Top of DATA BELOW
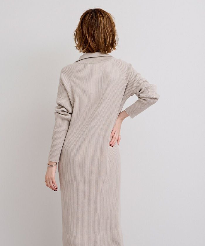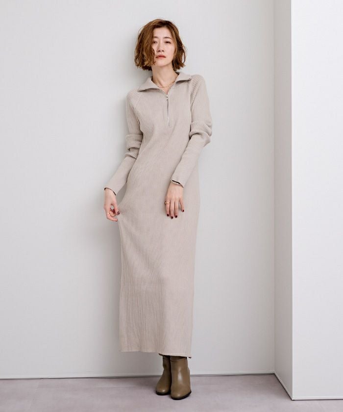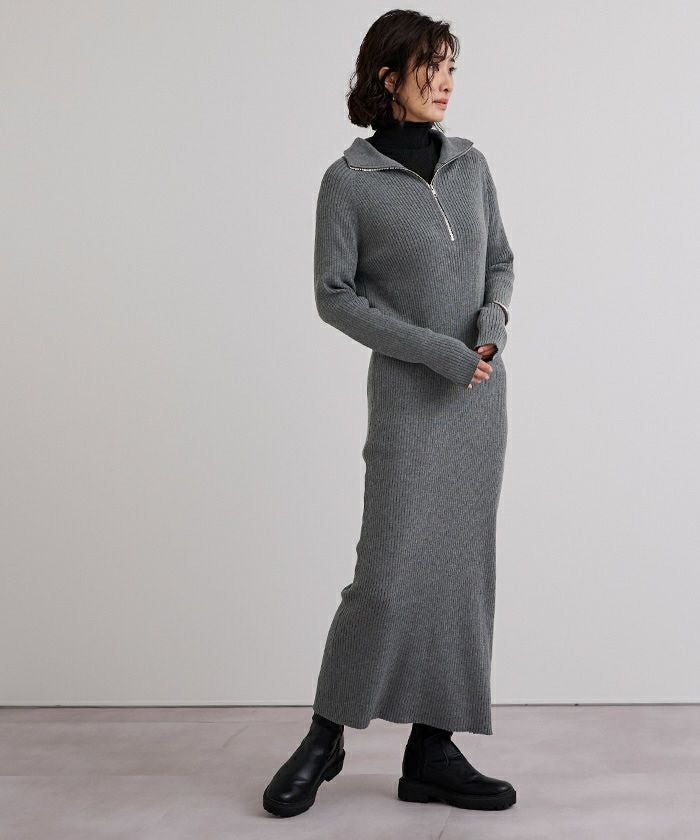 ZIPディテールが目を引く、洗練されたニットワンピース。
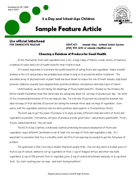 Feature Article Examples For School Newspapers
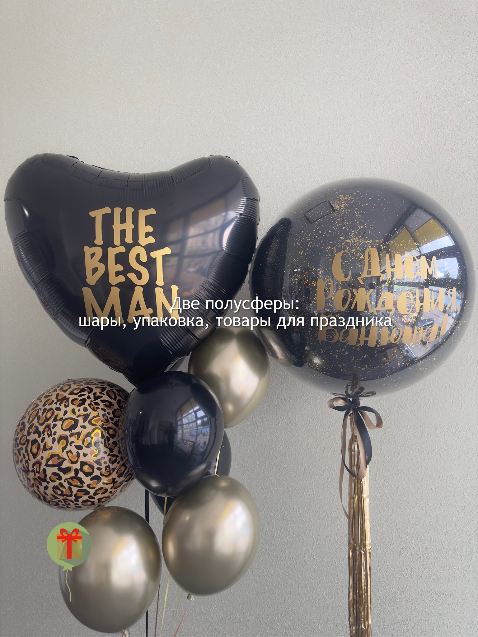 Фонтан из 9 шаров: сердце 60 см+ надпись, шар 45 см, 4 шара хром и 3 шара пастель; а так же сфера дабл 60 см+ надпись. Грузики и пакеты включены в стоимость.
Bottom of DATA BELOW
◆ TASK OBJECTIVE: Could you print the whole listing again, exactly, leaving the pictures out?

◆ FINISHED TASK:
 ZIPディテールが目を引く、洗練されたニットワンピース。
 Feature Article Examples For School Newspapers
 Фонтан из 9 шаров: сердце 60 см+ надпись, шар 45 см, 4 шара хром и 3 шара пастель; а так же сфера дабл 60 см+ надпись. Грузики и пакеты включены в стоимость.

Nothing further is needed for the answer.